■ WHAT IS BEING ASKED
All of the records should be reproduced word for word, but no images may appear in the copy.

(Records from a collection)
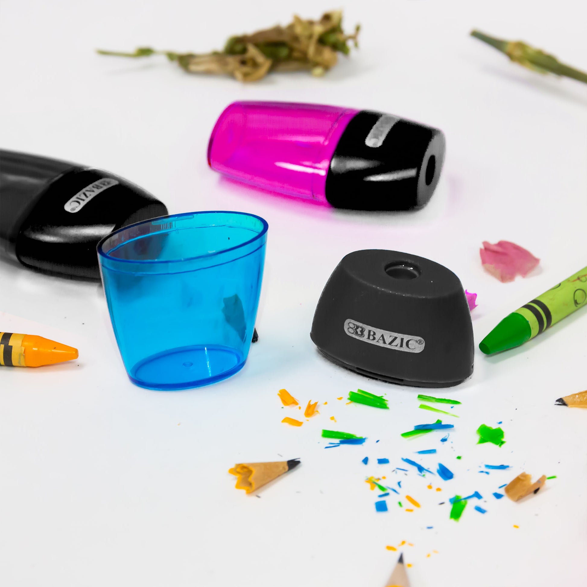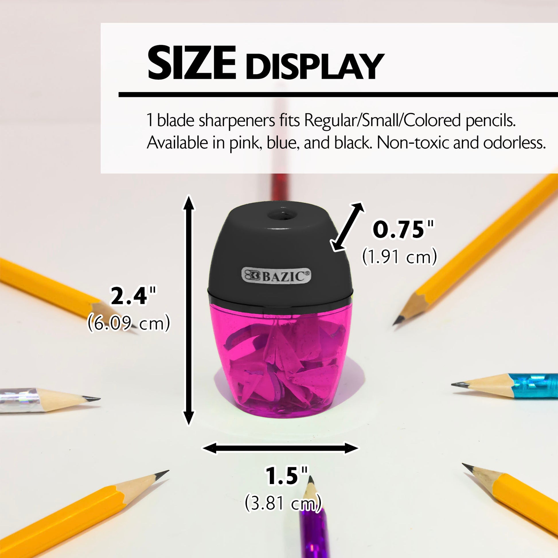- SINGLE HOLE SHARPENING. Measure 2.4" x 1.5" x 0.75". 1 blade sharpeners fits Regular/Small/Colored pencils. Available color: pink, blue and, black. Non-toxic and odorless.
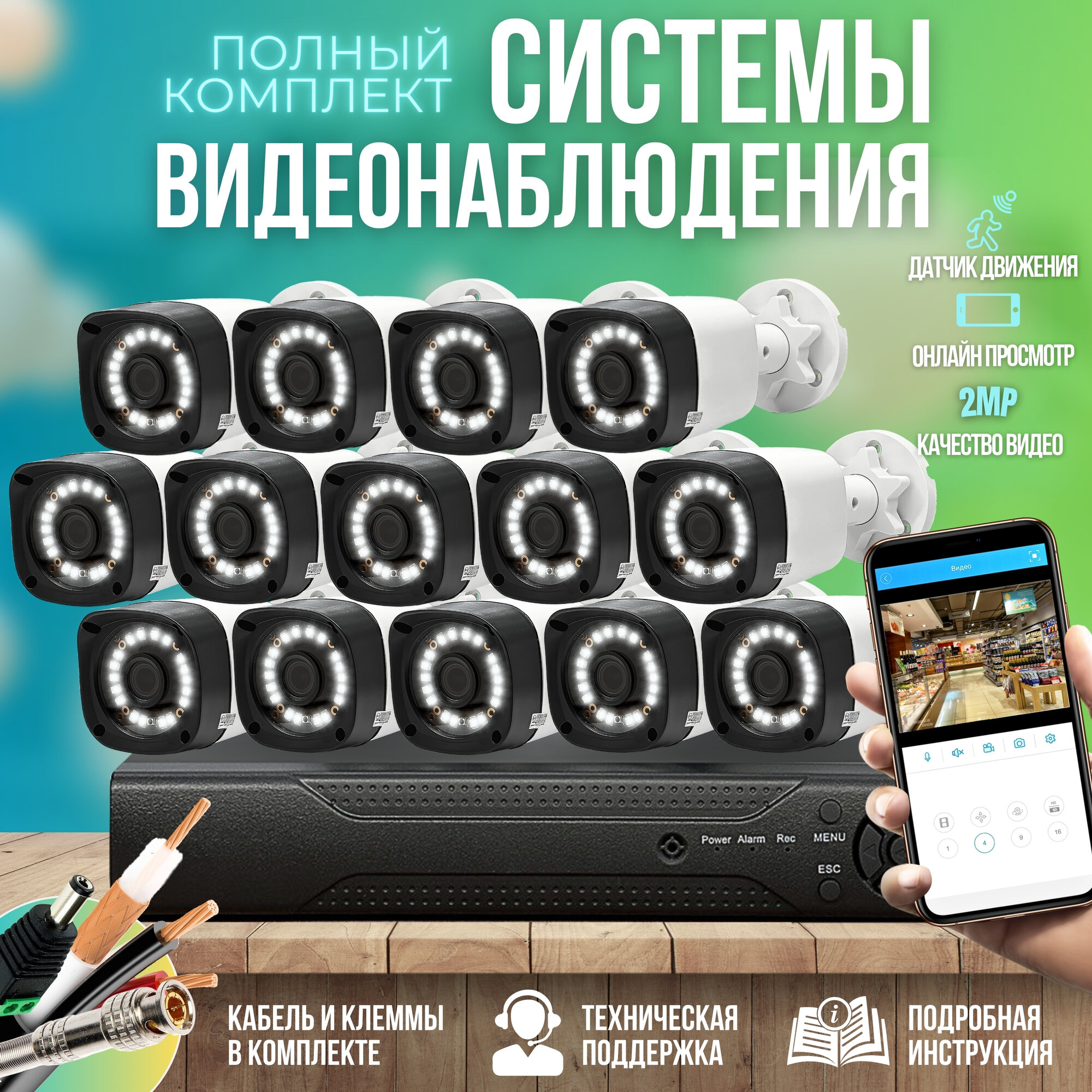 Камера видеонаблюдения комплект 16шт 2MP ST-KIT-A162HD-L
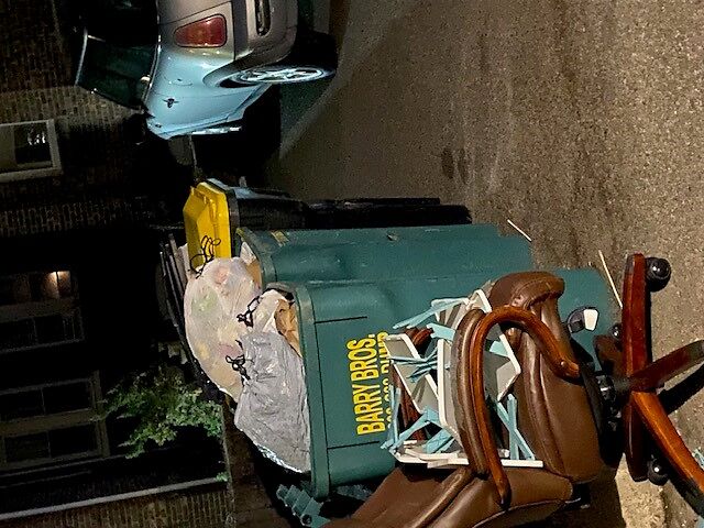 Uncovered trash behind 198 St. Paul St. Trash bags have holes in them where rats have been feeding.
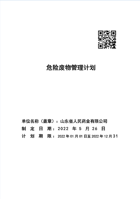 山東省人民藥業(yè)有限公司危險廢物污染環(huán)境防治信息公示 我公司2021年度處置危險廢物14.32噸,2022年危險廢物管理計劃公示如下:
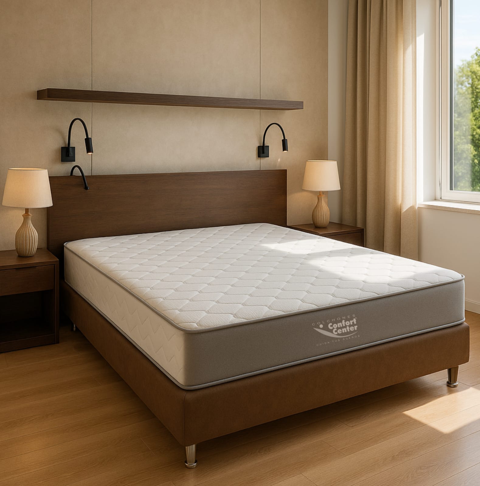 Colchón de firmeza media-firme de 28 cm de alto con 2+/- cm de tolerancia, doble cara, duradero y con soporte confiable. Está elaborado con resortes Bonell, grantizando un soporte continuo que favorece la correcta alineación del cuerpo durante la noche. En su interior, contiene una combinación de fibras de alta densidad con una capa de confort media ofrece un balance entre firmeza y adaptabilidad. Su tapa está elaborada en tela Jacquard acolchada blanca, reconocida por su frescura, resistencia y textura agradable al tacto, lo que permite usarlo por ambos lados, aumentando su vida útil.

■ SOLUTION FOR THIS TASK
- SINGLE HOLE SHARPENING. Measure 2.4" x 1.5" x 0.75". 1 blade sharpeners fits Regular/Small/Colored pencils. Available color: pink, blue and, black. Non-toxic and odorless.
 Камера видеонаблюдения комплект 16шт 2MP ST-KIT-A162HD-L
 Uncovered trash behind 198 St. Paul St. Trash bags have holes in them where rats have been feeding.
 山東省人民藥業(yè)有限公司危險廢物污染環(huán)境防治信息公示 我公司2021年度處置危險廢物14.32噸,2022年危險廢物管理計劃公示如下:
 Colchón de firmeza media-firme de 28 cm de alto con 2+/- cm de tolerancia, doble cara, duradero y con soporte confiable. Está elaborado con resortes Bonell, grantizando un soporte continuo que favorece la correcta alineación del cuerpo durante la noche. En su interior, contiene una combinación de fibras de alta densidad con una capa de confort media ofrece un balance entre firmeza y adaptabilidad. Su tapa está elaborada en tela Jacquard acolchada blanca, reconocida por su frescura, resistencia y textura agradable al tacto, lo que permite usarlo por ambos lados, aumentando su vida útil.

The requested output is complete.